Mais do que um item coadjuvante, o tapete eleito para o projeto do escritório Schuchovski Arquitetura confere vivacidade e elegância à proposta de interiores. Foto: Eduardo Macarios

Transcender a questão utilitária foi um divisor de águas na criação, nos costumes e no mercado de tapeçaria que surgiu a partir disso. Logo, o mundo descobriu a beleza, a resistência e a versatilidade das peças, que se tornaram cobiçadas ao redor do globo — até hoje, após a confecção do primeiro tapete de quem se tem registro, o Pazyryk, há cerca de dois mil e quinhentos anos. A atemporalidade dos modelos orientais é uma de suas características mais instigantes. Afinal, são poucos os objetos que resistem com tanta graça às amarras do tempo.

Conceber uma casa viva, dinâmica e aconchegante era o objetivo da arquiteta Eliza Schuchovski — missão na qual o tapete se tornou um item indispensável. O modelo em pelos de nylon tem desenho geométrico em duas cores e diferentes alturas, provocando multissensorialmente quem passeia pelo espaço de convivência. Foto: Eduardo Macarios

Por serem peças soltas e com alto valor afetivo e cultural agregado, elas sobrevivem a mudanças e passam de pai para filho por gerações. “É possível encontrar peças centenárias que são como herança para famílias mais tradicionais, uma forma de valorizar o trabalho artesanal”, conta Bruno Yanke, especialista e empresário do ramo de tapetes, que atua à frente da marca Tapeteiro.

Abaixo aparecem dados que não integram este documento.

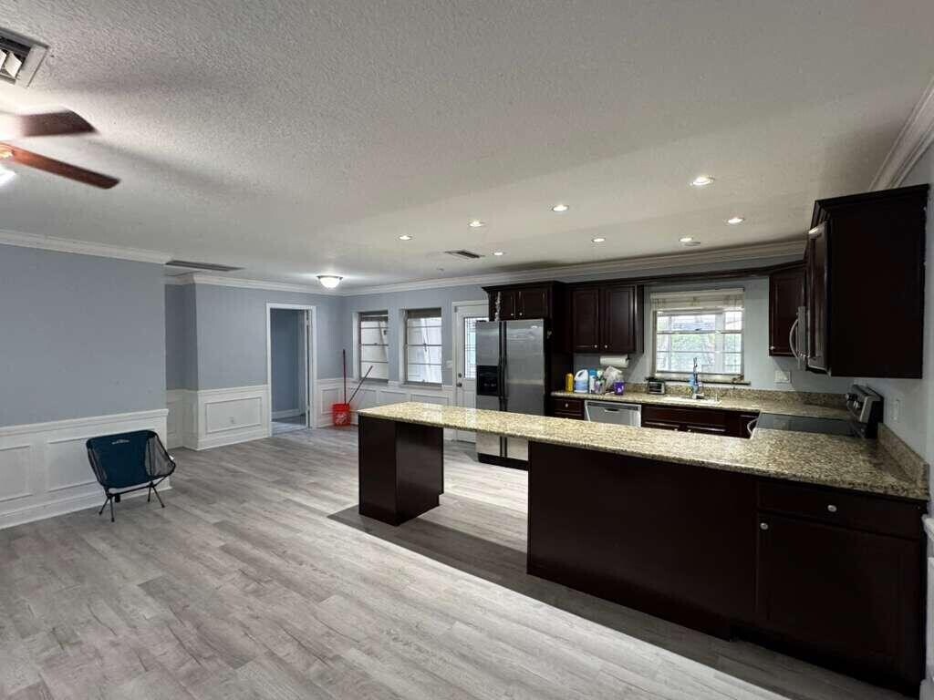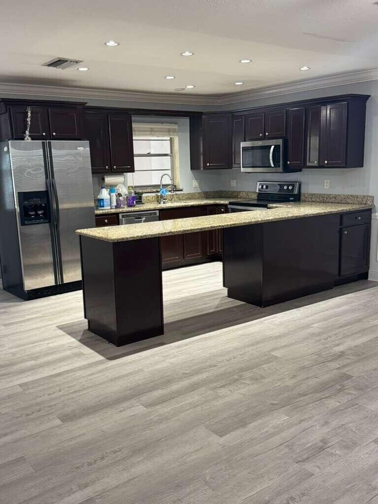 Welcome to this beautifully updated 2-bedroom, 3-bath single-family home. This open-concept layout boasts brand-new luxury vinyl plank flooring, elegant wainscoting accent walls, and a modern kitchen with granite countertops and stainless steel appliances. Recent upgrades include a new A/C system and tankless water heater for energy efficiency and comfort. Nestled in a quiet, family-friendly neighborhood, this home is just 8 miles from the beach, offering a perfect balance of convenience and tranquility
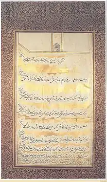 Abdallah Khan was part of the first generation of Qajar-era painters, which also included Mirza Baba, Mihr 'Ali, and Mohammad Hasan Khan.[3] In Tehran in 1812, Abdallah Khan met with English orientalist William Price, a member of the Gore Ouseley mission to Iran. During the meeting, Abdallah Khan introduced Price to his work.[4] Khan died in c. 1850, during the early years of Naser al-Din Shah Qajar's reign as shah (1848-1896).[5] Not much is known about Abdallah Khan's personal life.[5]

Hoje, os tapetes orientais feitos no Irã, no Egito e em outros países asiáticos estão presentes em projetos de interiores de diferentes estilos. Do clássico ao contemporâneo, a estética das peças originais é sempre sofisticada, além de contar histórias e ser sinônimo de aconchego.

A cobertura duplex esbanja conforto, tanto nos espaços íntimos quanto nos sociais, onde o bem receber é valorizado. Nesse contexto, tapetes confortáveis e atemporais não poderiam ficar de fora. Foto: Jomar Bragança

Mais do que cenários coadjuvantes, os espaços habitados podem ser narradores de grandes histórias. No projeto elaborado pelas designers Linda Martins e Linda Cris Araújo, do Maraú Design Studio, o tapete cumpre esse papel, pois já fazia parte do acervo da família. Para as profissionais, não teria como deixá-lo de fora da proposta. “O modelo shaggy, com pelagem mais alta, quente e aconchegante, se mostrou perfeito para esse espaço”, conta o duo.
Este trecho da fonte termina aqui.